2. Беспорядок внимания, который загромождает и запутывает то, что Пол Вирилио (2009) называет "серой экологией", поскольку перестраивает отношения между знанием, пониманием и полем боя. Это создает кризис репрезентации, который фрагментирует интерпретации, еще больше подрывая правдивость и эффект нарративов в условиях пост-доверия. Это, в свою очередь, переводит борьбу за архивы (добычу и владение ими) в рамки борьбы за память и историю, открывая пространство для художественных и гражданских интервенций, которые бросают вызов и пересматривают наше представление о войне и ее отношениях с правами человека/законными правами. Это одновременно позволяет и требует новых форм:

3. Контроль, требующий новых информационных инфраструктур (см. Приложение) и методов наблюдения. Они влияют на инвестиции и создают новые режимы ситуационной осведомленности, которые формируют и управляют опытом участников сражения, используя смарт-устройства на новых полях боя. Напряжение, связанное с боем и тем, как участники вовлечены в онлайн, бросает вызов тому, как мы определяем экспертизу и производство знаний о войне в обществах XXI века.
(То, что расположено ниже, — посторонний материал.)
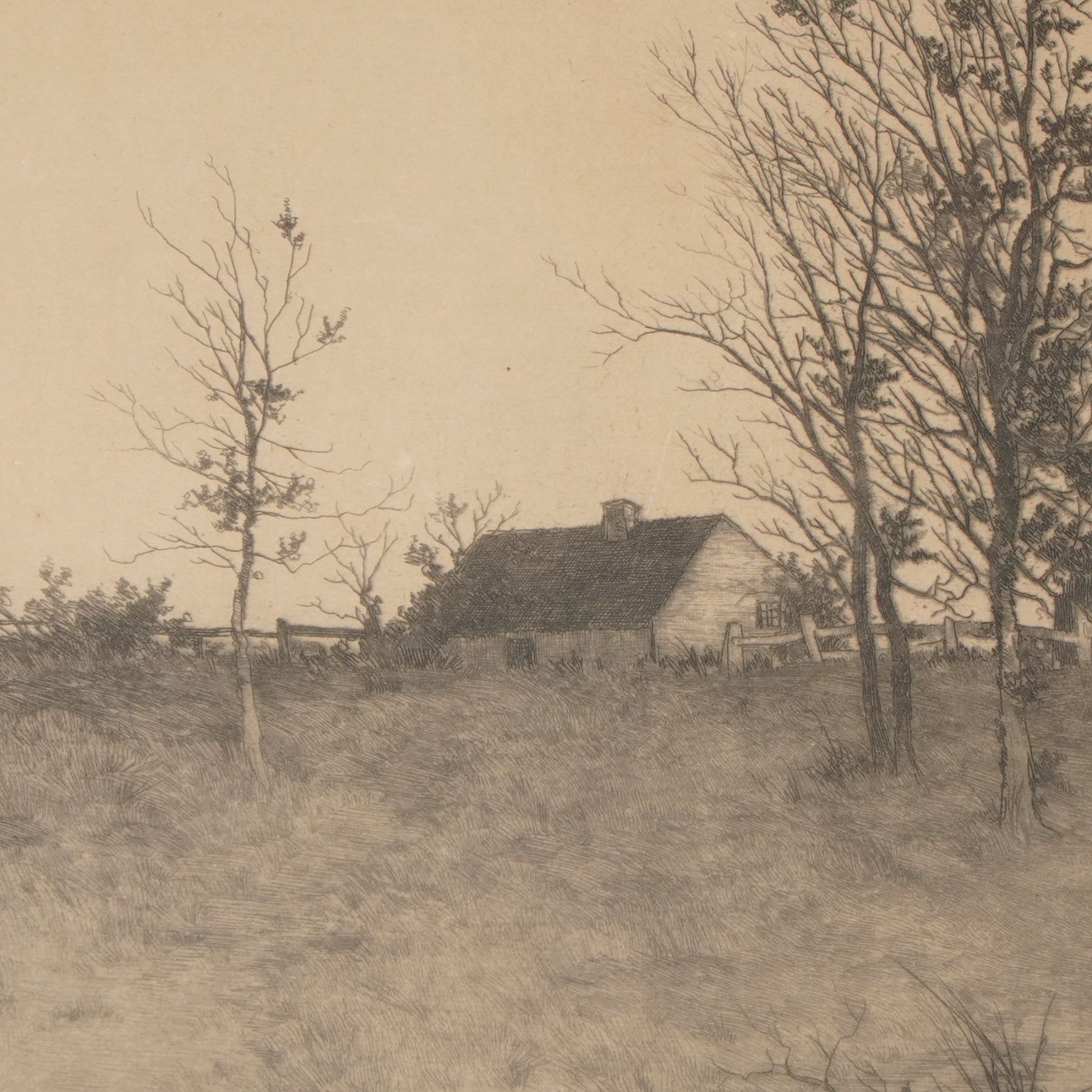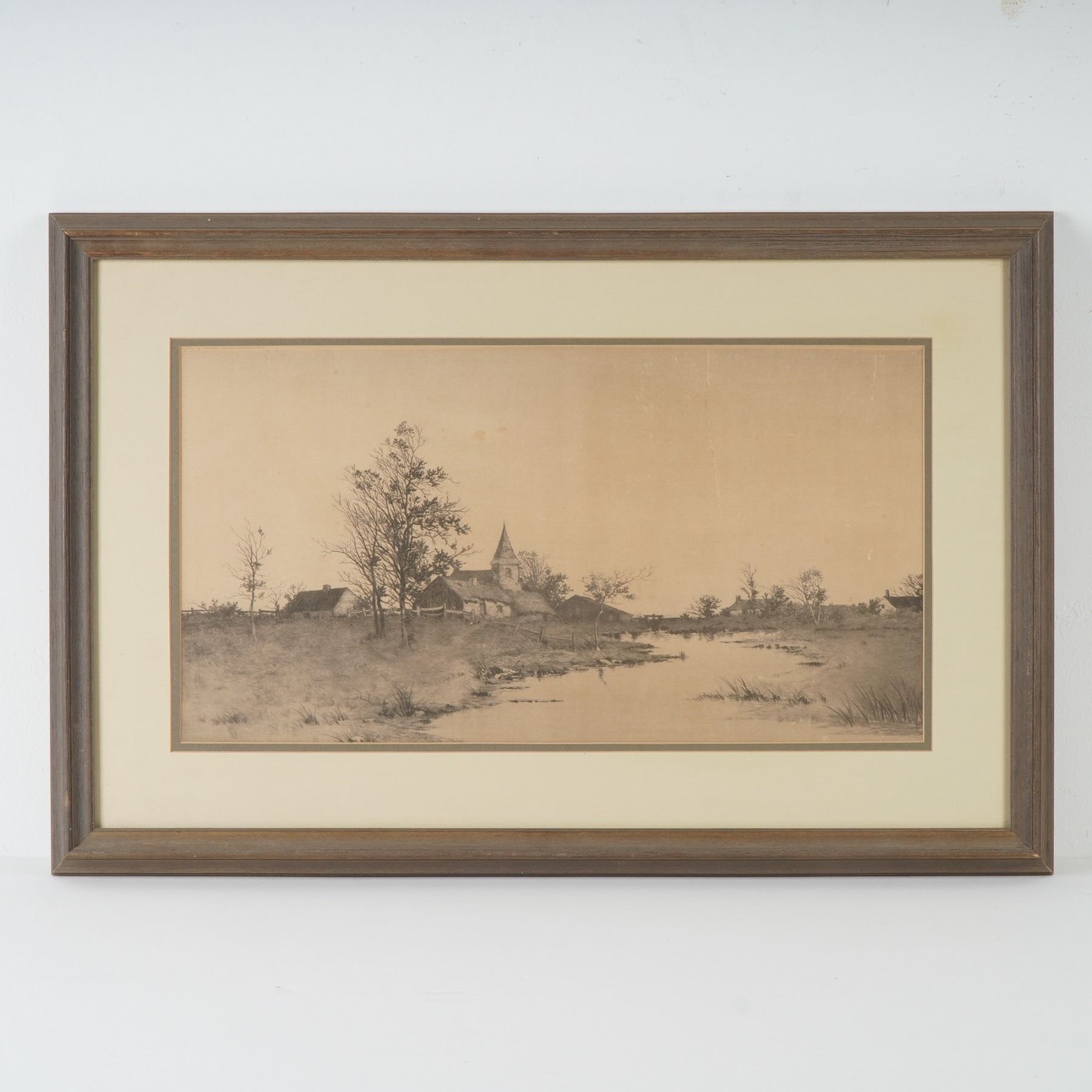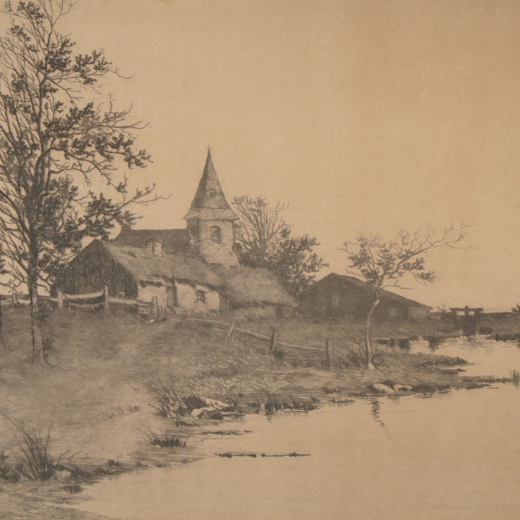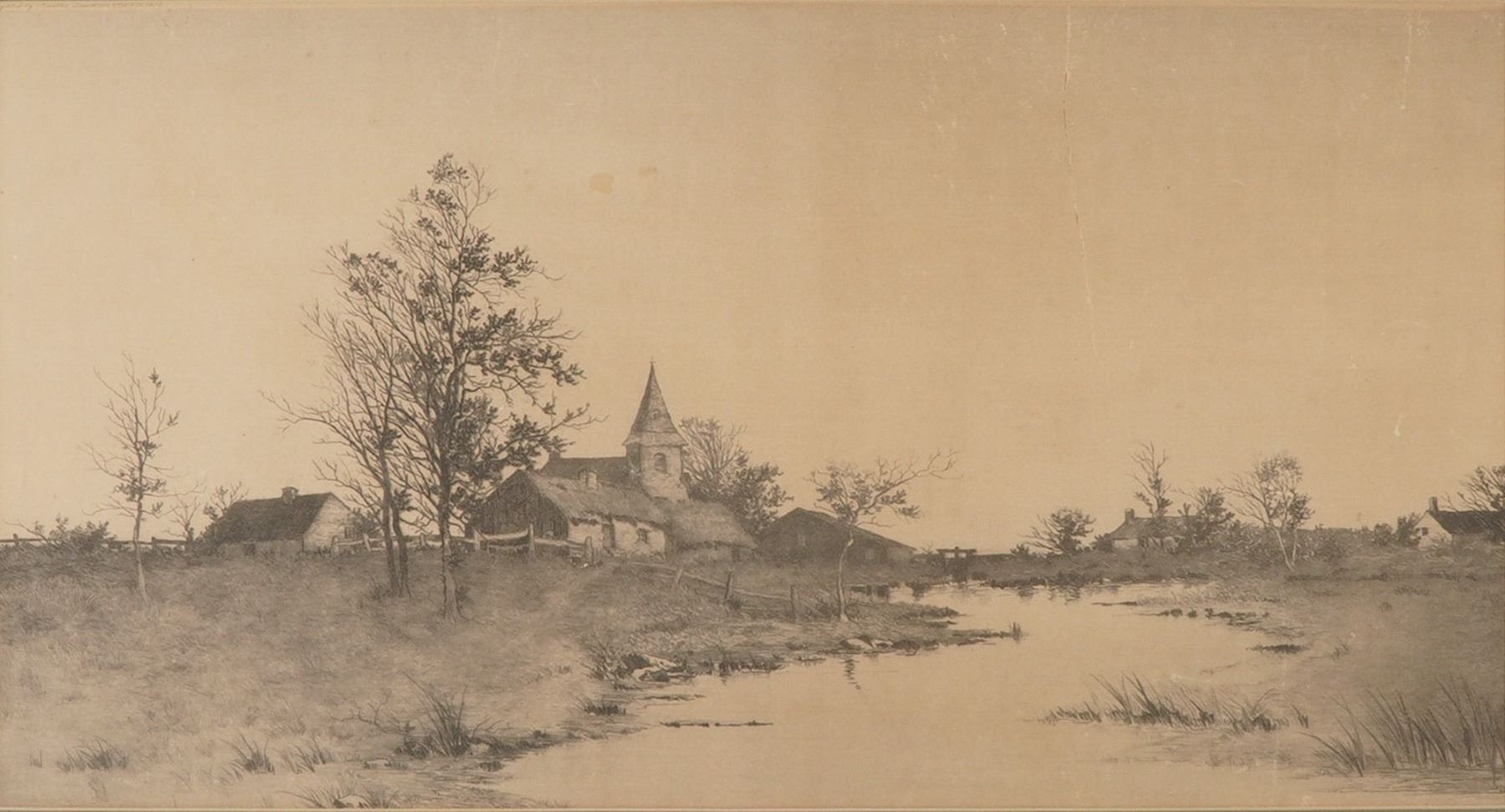 A beautifully detailed etching by Alfred J. Haller, depicting a serene riverside village with thatched cottages, leafless trees, and a steepled church reflected in calm waters. Executed with remarkable precision and tonal balance, the composition captures the quiet charm of rural life at the turn of the century. The upper left bears the printed line Copyrighted by Radtke, Lauckner & Co. N.Y. 1892, confirming its publication by the renowned 19th-century New York print publishers known for their fine art reproductions. Housed under glass in a period wooden frame with a cream mat. A lovely and atmospheric example of late 19th-century American etching. Signed J. Haller in graphite at lower right.
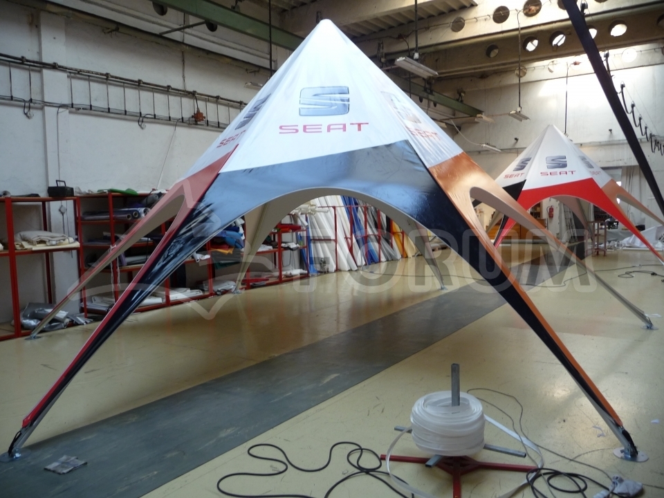 Wir haben einen neuen Typ des Pyramidenzeltes Delta entwickelt, das über eine eigene Konstruktion verfügt, die Teil der Zeltplane ist.
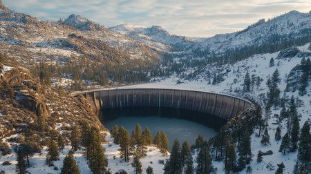 A breathtaking aerial view of a snow-covered dam nestled in a tranquil mountain landscape. Evergreen trees surround the serene reservoir, reflecting the beauty of winter.
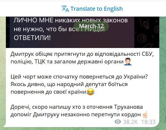 «До речі, скоро напишу хто з оточення Труханова допоміг Дмитруку незаконно перетнути кордон».
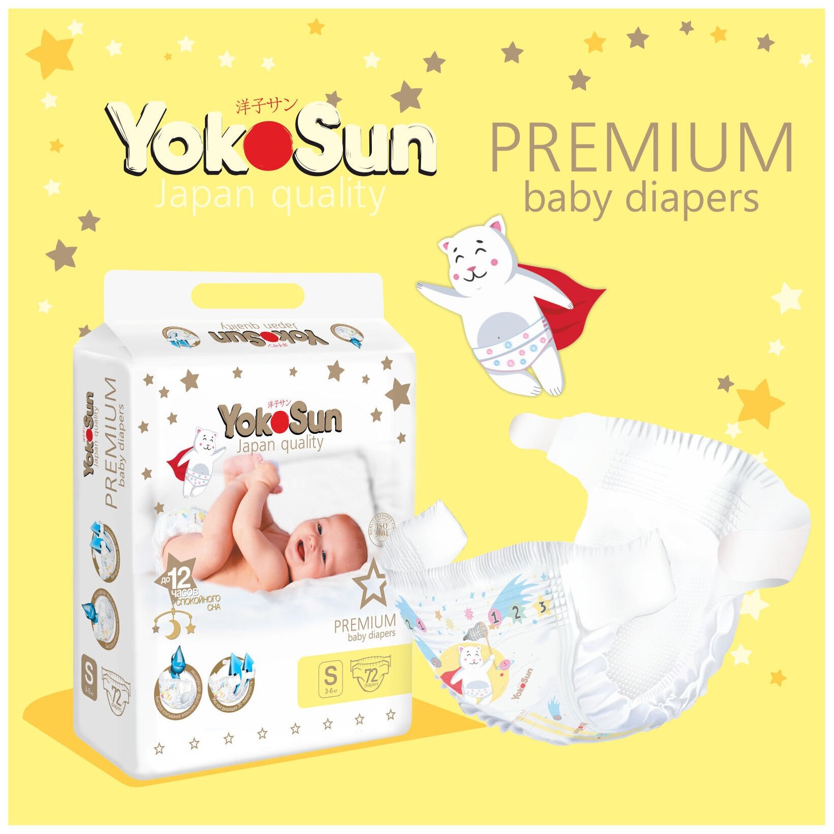 Купить YokoSun подгузники Premium S, 3-6 кг, 72 шт., белый
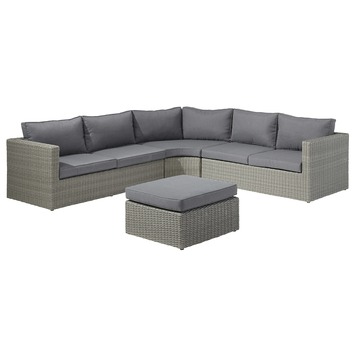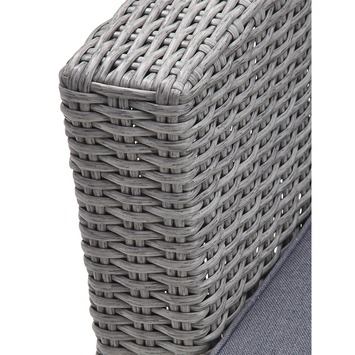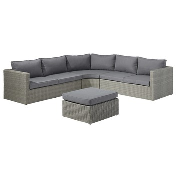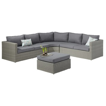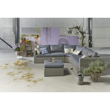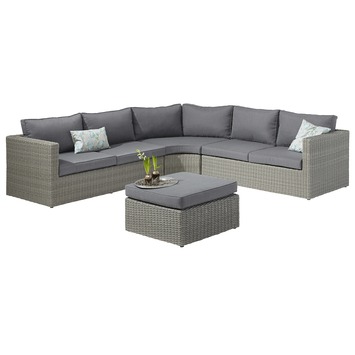 Haal de zomer in huis met de loungeset Palma. De zomerse set bestaat uit een ronde hoekset en een vierkant tafeltje, beide gemaakt in halfronde wicker. De grijze zit- en rugkussens zijn inbegrepen in de set, die ideaal is om te relaxen of gasten te ontvangen. Enkel verkrijgbaar als set.

В остальной части этой главы мы исследуем запутанное и непрозрачное проблемное пространство, возникающее в результате взаимодействия между подключенными технологиями, человеческими участниками и политикой насилия. Наша цель - рассмотреть войну и ее репрезентацию в XXI веке и выявить некоторые из основных проблем, составляющих то, что мы называем новой экологией войны. Мы делаем это в связи с данными, вниманием и контролем - центральными организующими измерениями "Радикальной войны".

Данные

Время - это множитель данных. В одну минуту в 2020 году Zoom принимал 208 333 человека, YouTube добавил 500 часов видео, а Instagram разместил 347 222 истории. Радикальная война становится возможной только благодаря информационным инфраструктурам, от которых она зависит. Как показывает пример нападения на мечеть в Крайстчерче, приведенный в начале этой главы, эти инфраструктуры вездесущи и работают в таких масштабах и с такой скоростью, которые раньше были невозможны. Информационные инфраструктуры, представляющие собой совокупность людей, знаний, процессов, организаций и технических систем, создаются из "средств и услуг, обычно ассоциирующихся с Интернетом", и включают "системы, обрабатывающие и транспортирующие данные внутри и за пределами национальных границ" (Bowker et al. 2010). Теперь эти информационные инфраструктуры распространяются от наших рабочих мест до IOT. Это привело к процессу "датафикации", в ходе которого все аспекты жизни превратились в онлайн-точки данных, поддающиеся количественному измерению. На них распространяются новые формы власти, которые могут осуществлять "те, кто имеет доступ к базам данных, вычислительным мощностям и опыту обработки данных" (Andrejevic 2014, p. 1676; Livingstone 2019, p. 171).